Information START
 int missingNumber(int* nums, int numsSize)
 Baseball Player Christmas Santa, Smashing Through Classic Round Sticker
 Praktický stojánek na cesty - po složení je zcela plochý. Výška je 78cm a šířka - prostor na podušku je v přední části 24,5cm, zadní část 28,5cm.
Information END
Information START
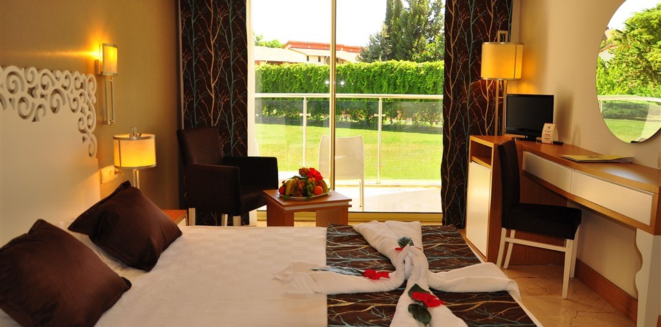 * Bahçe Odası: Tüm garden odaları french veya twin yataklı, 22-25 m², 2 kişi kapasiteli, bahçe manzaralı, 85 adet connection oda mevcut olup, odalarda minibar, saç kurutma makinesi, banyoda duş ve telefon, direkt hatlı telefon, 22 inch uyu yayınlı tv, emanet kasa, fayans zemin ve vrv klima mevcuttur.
Information END
Information START
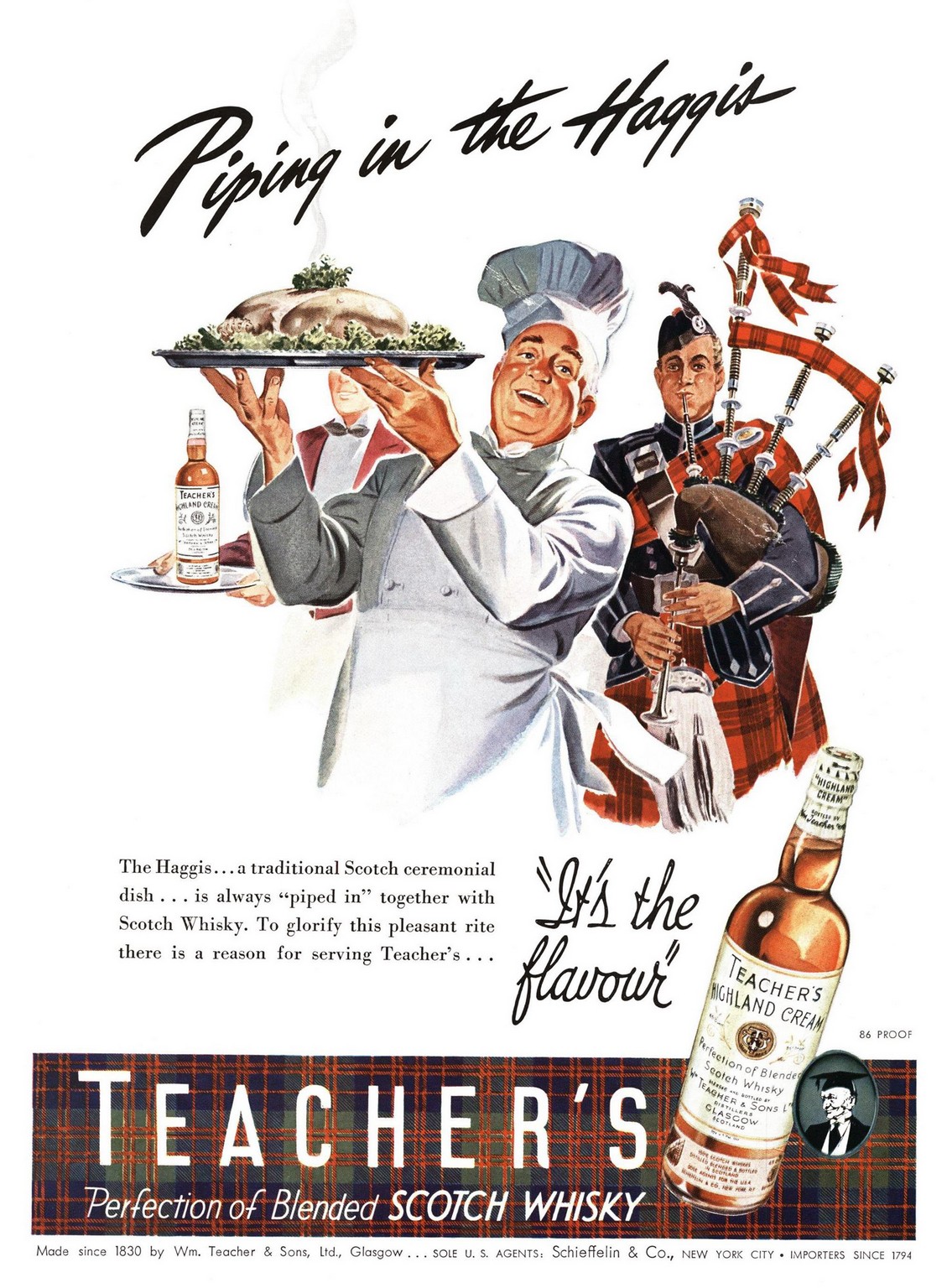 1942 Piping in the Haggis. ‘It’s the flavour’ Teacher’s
Information END
■ Task requirements ■
Please transcribe exactly the lines above from the line that has "int missingNumber(int* nums, int numsSize)" up to and including the line that has "Praktický stojánek na"; no other line belongs in the answer.

■ The completed task ■
 int missingNumber(int* nums, int numsSize)
 Baseball Player Christmas Santa, Smashing Through Classic Round Sticker
 Praktický stojánek na cesty - po složení je zcela plochý. Výška je 78cm a šířka - prostor na podušku je v přední části 24,5cm, zadní část 28,5cm.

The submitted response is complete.